As a child in the early sixties, I enjoyed the dressing up and the anticipation more than the event of Halloween itself. In fact, I rarely even ate much of the candy! I recall my mother dragging me from door to door in bitter cold October winds with a coat over my costume. At each house, I'd doff the coat like a little flasher, whisper "trickertreat!" through chattering teeth and then after getting my swag scurry back to mom waiting at the gate as I struggled to get my coat back on.
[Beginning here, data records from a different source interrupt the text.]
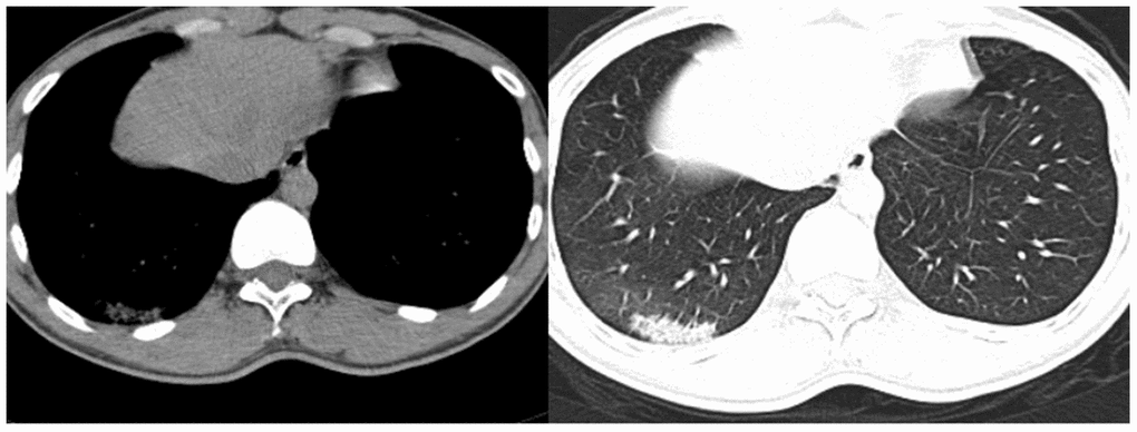 On the first postoperative day, the patient had no obvious cough or sputum production, and his vital signs were stable. By the third postoperative day, however, the patient had developed chills and a high fever, which reached 39.5°C. Routine examination showed that his leukocyte count was 7.7 g/L, hemoglobin 126 g/L, neutrophils 81.3%, lymphocytes 8.9%, monocytes 9.5%, eosinophils 0% and basophils 0.3%. Levels of procalcitonin and c-reactive protein were 0.146 ng/mL and 144.9 mg/L, respectively. A chest CT examination showed a patchy high-density shadow surrounded by a ground-glass opacity in the lower portion of the right lung (Figure 4). After consultation with specialists from the Department of Infectious Disease, the patient was immediately isolated in a single room to prevent potential widespread infection. By postoperative day 5, the patient’s temperature had decreased to 37.2°C, and his cough had significantly diminished. A nucleic acid test for SARS-CoV-2 was positive, and the patient was transferred to the Department of Infectious Disease for further treatment, which consisted of cefoperazone sulbactam 1.5 g every 12 hours, abidole hydrochloride 0.2 g orally three times a day, and oseltamivir 75 mg orally twice a day. The patient’s vital signs remained stable, and his cough and fever eventually resolved.
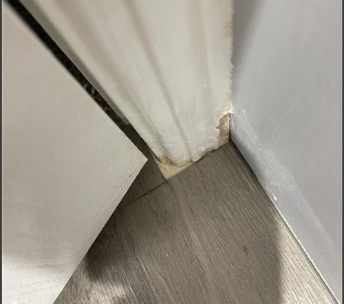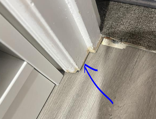 I ran into a trouble where I could not have proper cut to fit around the door frame. The outcome was like this.
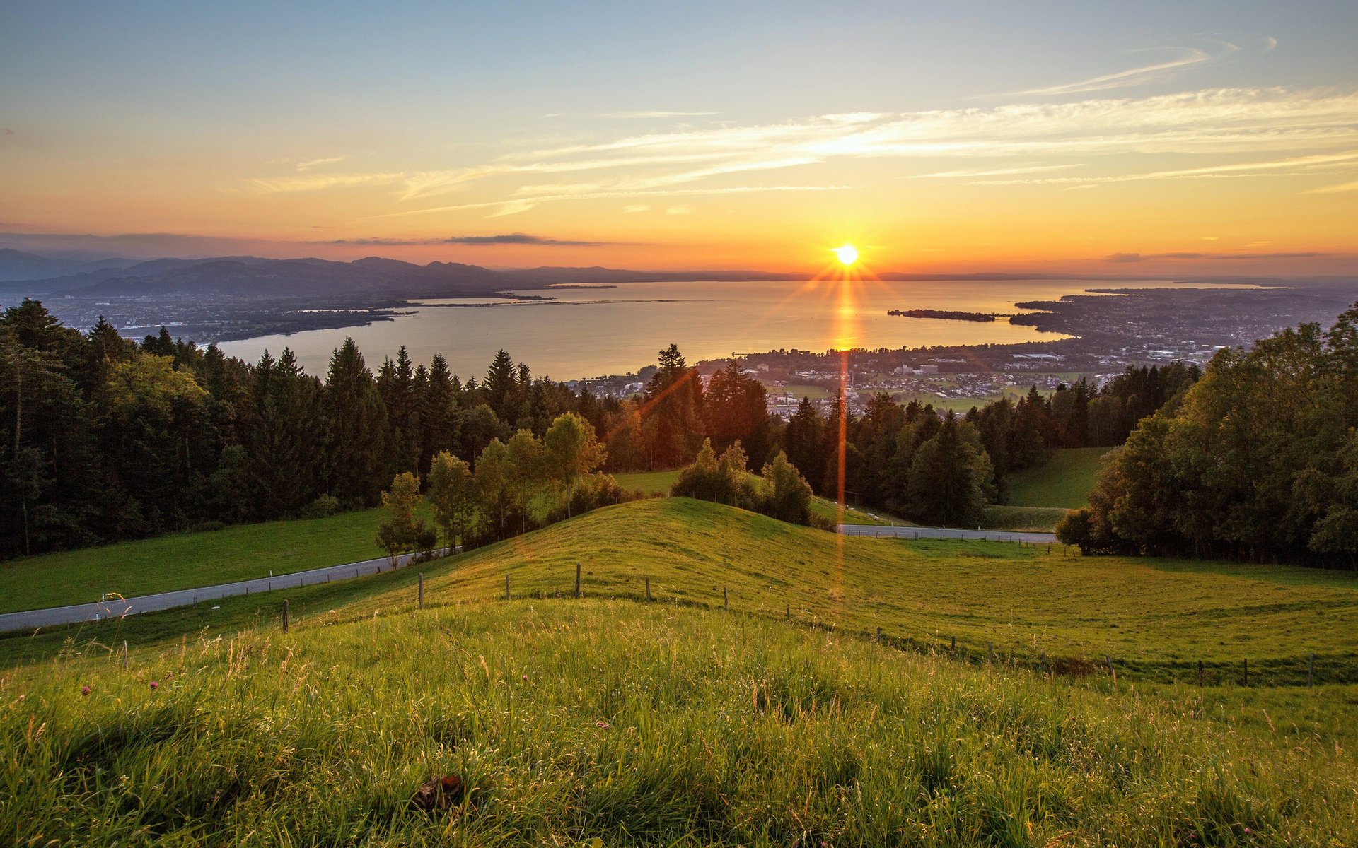 Tags:soleil, paysage, herbe, ciel, route, verdure

Of course, this was the era where the old razor blades in the apples rumors (never substantiated as I understand it!) began and, at least around here, society's reaction was to move Halloween to the nearest bright, sunny Sunday afternoon. Thus for several years kids bizarrely canvassed their neighborhoods throughout midday for candy and treats!
I usually went for the Ben Cooper costumes, even then the brand name thing working on me. In 1965 I was an astronaut, in '66 I was Batman (and who wasn't?). Superman and the Incredible Hulk followed. Then Spider-Man and Archie Andrews! Then, for some reason I thought I'd outgrown the holiday so one year in the early seventies, I had no costume! What to do? What to do? Well, I simply combined my leftover Spider-Man costume with my leftover Superman cape and my leftover Archie mask! But of course!
Outside of one Cub Scout event circa 1967, the only Halloween party I ever attended was in 1981 and I was dressed all in black as a masked burglar. The last photo my mother--who died of cancer a little over a month later-- ever took of me was wearing that costume. There were a couple of kids there but this was basically a grown-up party with alcohol and even a few suspicious herbs being shared around by the hostess (8 months pregnant and costumed as a virgin bride). It was really the last time I'd bother with Halloween.
Except, of course, at work. Every year someone suggested that we all dress up for Halloween and on those years where it was approved, I went along. One girl from England came wearing normal clothes but with her green card pinned to her shirt. "I'm an alien!" she announced proudly. My future wife also preferred the pun-like costumes, once wearing a gypsy outfit with a goblet on her head--"Peasant under glass." My own most memorable costume during that period was a hastily pulled together version of Grant Morrison's ZENITH!
Then along came my son, BookDave, a Halloween baby born as he was late this month in 1996. At a week old, we carried him around the neighborhood in a Mickey Mouse costume showing him off as our treat! He even got some Tootsie Rolls which...ahem...I ate.
Since then, he's embraced Halloween as his favorite holiday and has dressed up as a Spider, Harry Potter, a Knight and a vampire. He's developed his own unusual style, though. We go down one or two blocks and he politely gathers candy. Then we rush back through the oncoming throngs (we're on the Halloween route!) of kids to our own front porch where he proceeds to give out all of his recently procured candy to other trick-or-treaters! From time to time (since he was three) he will pat the smaller kids on the head and say "Cute costume!" When he's given out his own loot he retires back into the living room to play video games leaving his mother and myself to hand out what's left of the ridiculously expensive and never quite enough candy we've purchased on sale earlier in the day!